» **Data extract**:

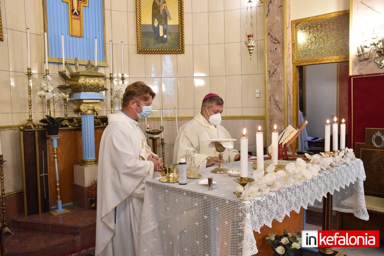 Τελέστηκε, επίσημη Αρχιερατική Θεία Λειτουργία στην οποία χοροστάτησε ο Σεβ. Καθολικός Αρχιεπίσκοπος Κερκύρας, Κεφαλληνίας και Ζακύνθου,π. Γεώργιος Αλτουβάς, μαζί με τον εφημέριο του Ναού π. Σιμονέλ Μποάνκις.
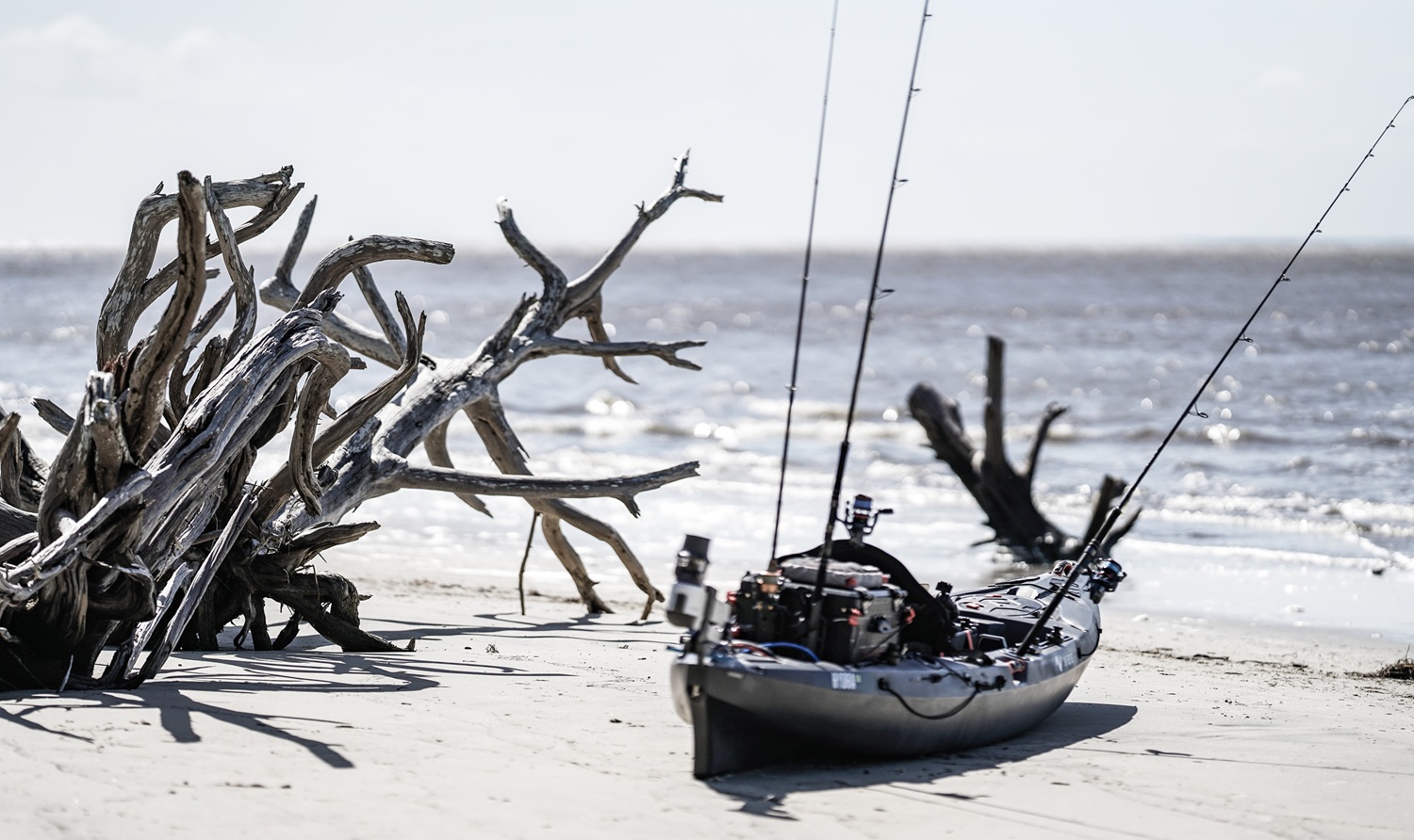 Flush rod holders (front & rear). Bow paddle park, paddle leashes, and side paddle parks to keep paddle secure when hands are full.
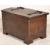A 20th century antique revival elm coffer of small rustic proportions. Of rectangular form with hinged top having brass cast and wrought iron hinges and handles. Measures 135 cm high  x  53 cm wide  x  35 cm deep.
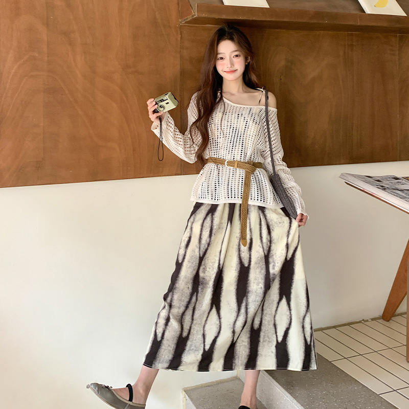 리얼 샷 2025 새로운 유행 부드러운 게으른 스타일 주의 기계 오픈 숄더 할로우 아웃 블라우스 투피스 슬립 스커트스토어 가기
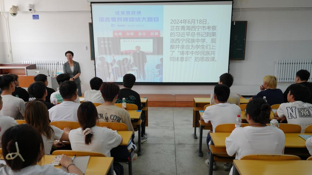 为深入贯彻习近平总书记关于学校思政课建设的重要指示精神,落实全省学校铸牢中华民族共同体意识教育工作推进会议精神,扎实推进党纪学习教育走深走实,切实提升学校思政课凝心铸魂育人实效,6月21日,校党委书记何晓杰在教学楼301教室以《铸牢中华民族共同体意识》为主题为23级学生讲授了一堂生动的思政课。
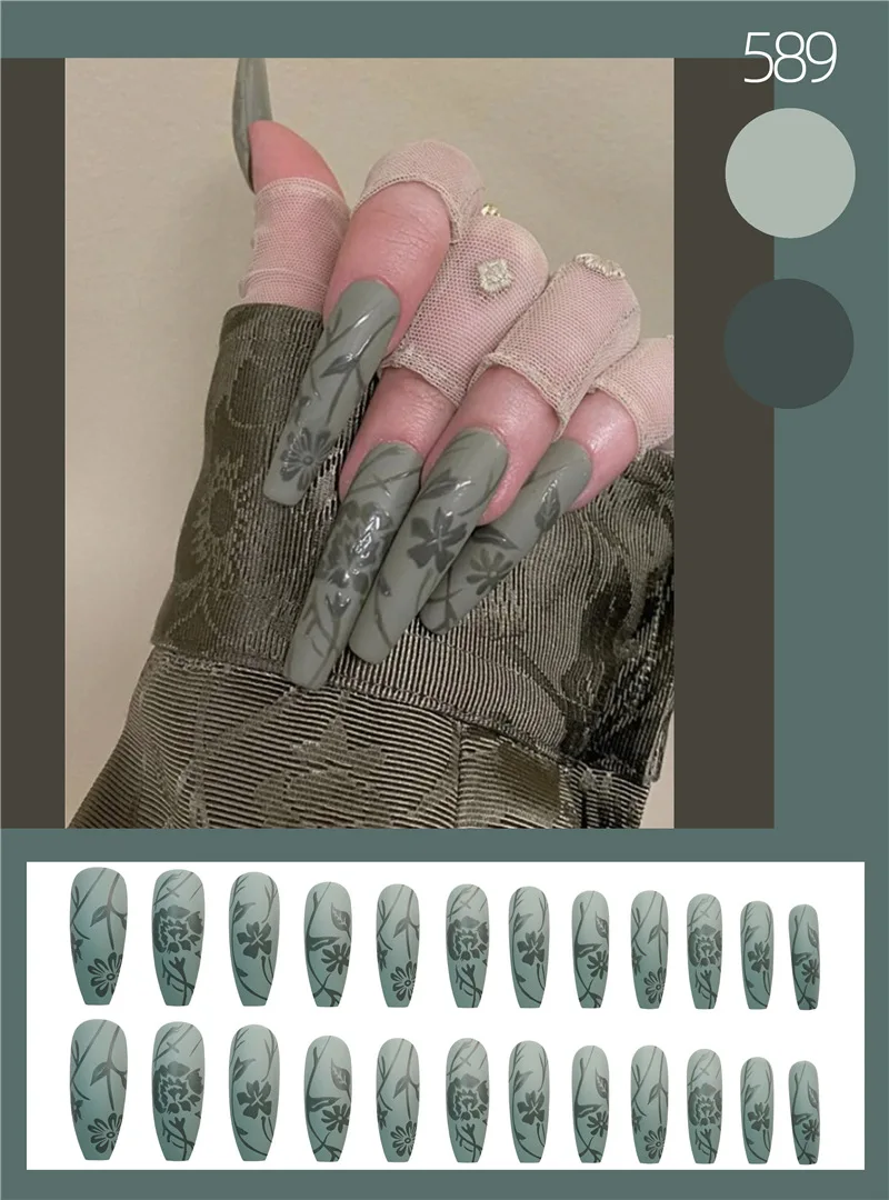 24 шт., многоразовые накладные ногти с зелеными цветами и листьями, модные длинные тыквы, балерина, гроб, накладные ногти, Типсы для ногтей

» **Problem to work on**: Pictures stay out; reproduce exactly the lines from the one containing "Flush rod holders" through the last line of the listing, both included.

» **Task response**:
 Flush rod holders (front & rear). Bow paddle park, paddle leashes, and side paddle parks to keep paddle secure when hands are full.
A 20th century antique revival elm coffer of small rustic proportions. Of rectangular form with hinged top having brass cast and wrought iron hinges and handles. Measures 135 cm high  x  53 cm wide  x  35 cm deep.
 리얼 샷 2025 새로운 유행 부드러운 게으른 스타일 주의 기계 오픈 숄더 할로우 아웃 블라우스 투피스 슬립 스커트스토어 가기
 为深入贯彻习近平总书记关于学校思政课建设的重要指示精神,落实全省学校铸牢中华民族共同体意识教育工作推进会议精神,扎实推进党纪学习教育走深走实,切实提升学校思政课凝心铸魂育人实效,6月21日,校党委书记何晓杰在教学楼301教室以《铸牢中华民族共同体意识》为主题为23级学生讲授了一堂生动的思政课。
 24 шт., многоразовые накладные ногти с зелеными цветами и листьями, модные длинные тыквы, балерина, гроб, накладные ногти, Типсы для ногтей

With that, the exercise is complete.